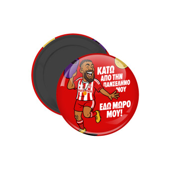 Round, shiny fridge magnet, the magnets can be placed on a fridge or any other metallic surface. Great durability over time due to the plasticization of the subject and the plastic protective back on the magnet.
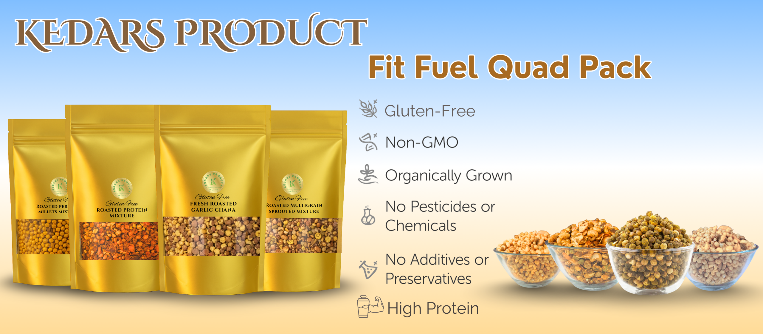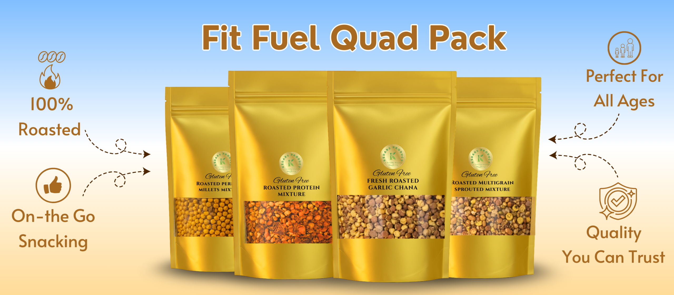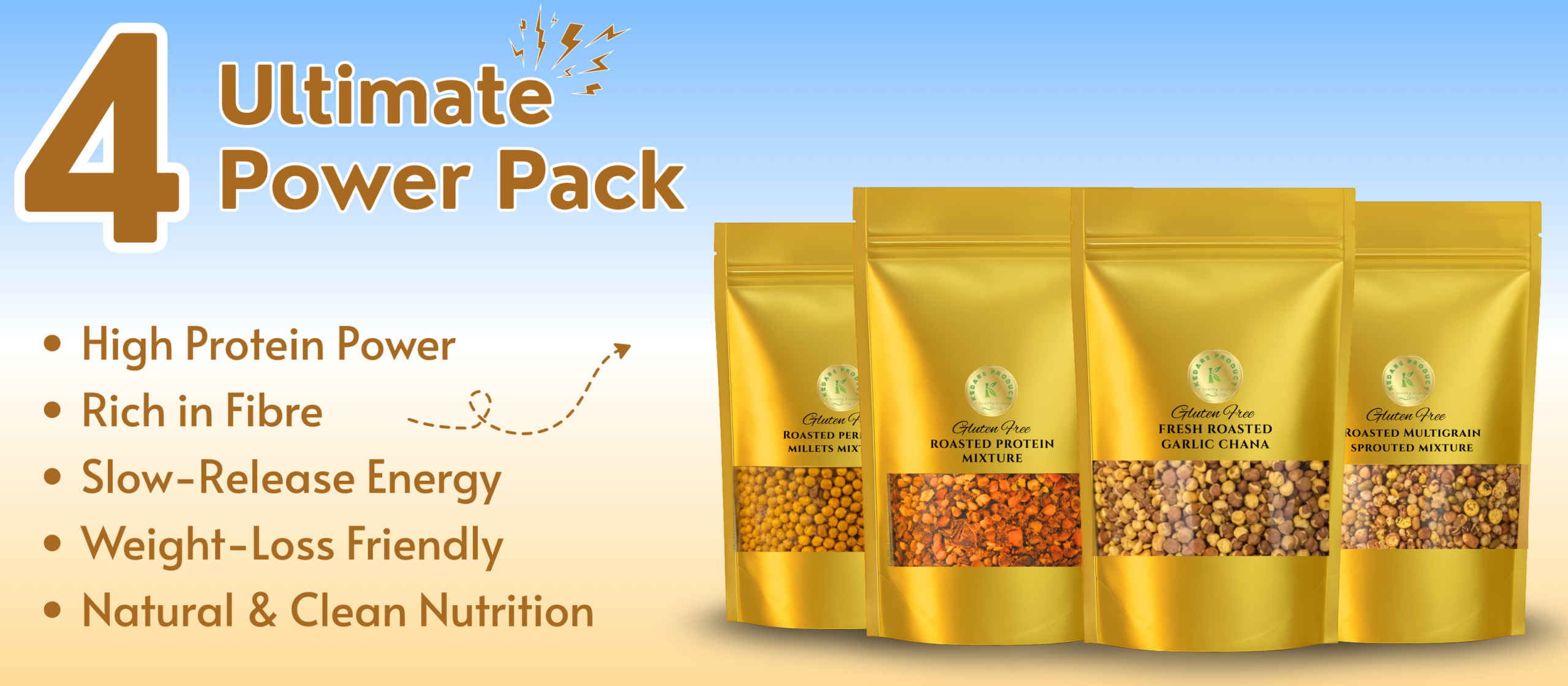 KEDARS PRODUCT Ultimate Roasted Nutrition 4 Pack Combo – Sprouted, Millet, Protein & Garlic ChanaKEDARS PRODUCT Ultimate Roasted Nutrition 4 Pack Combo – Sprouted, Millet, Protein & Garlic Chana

==

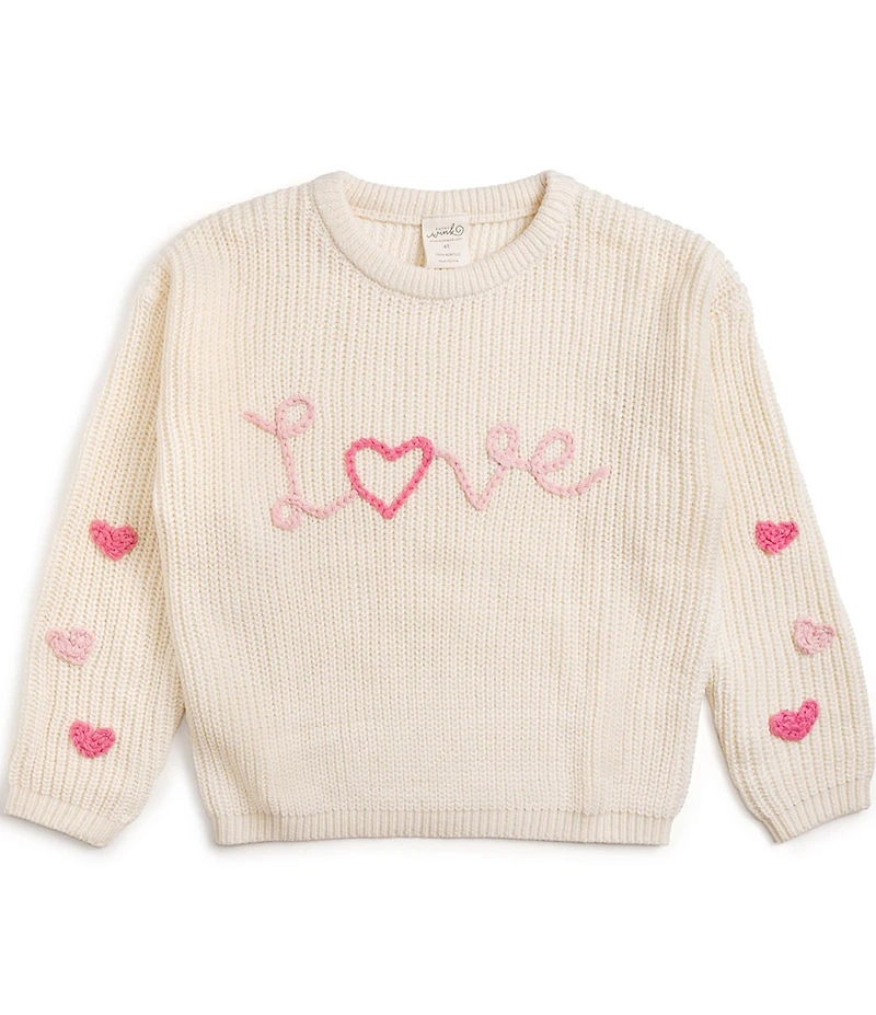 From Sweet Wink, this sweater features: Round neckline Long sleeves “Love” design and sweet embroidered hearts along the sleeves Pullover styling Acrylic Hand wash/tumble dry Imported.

== Required work ==
Of the records above, print only the lines from the one containing "Round, shiny fridge" through the one containing "Garlic ChanaKEDARS PRODUCT", inclusive and unaltered, leaving out pictures.

== Solution for this exercise ==
 Round, shiny fridge magnet, the magnets can be placed on a fridge or any other metallic surface. Great durability over time due to the plasticization of the subject and the plastic protective back on the magnet.
 KEDARS PRODUCT Ultimate Roasted Nutrition 4 Pack Combo – Sprouted, Millet, Protein & Garlic ChanaKEDARS PRODUCT Ultimate Roasted Nutrition 4 Pack Combo – Sprouted, Millet, Protein & Garlic Chana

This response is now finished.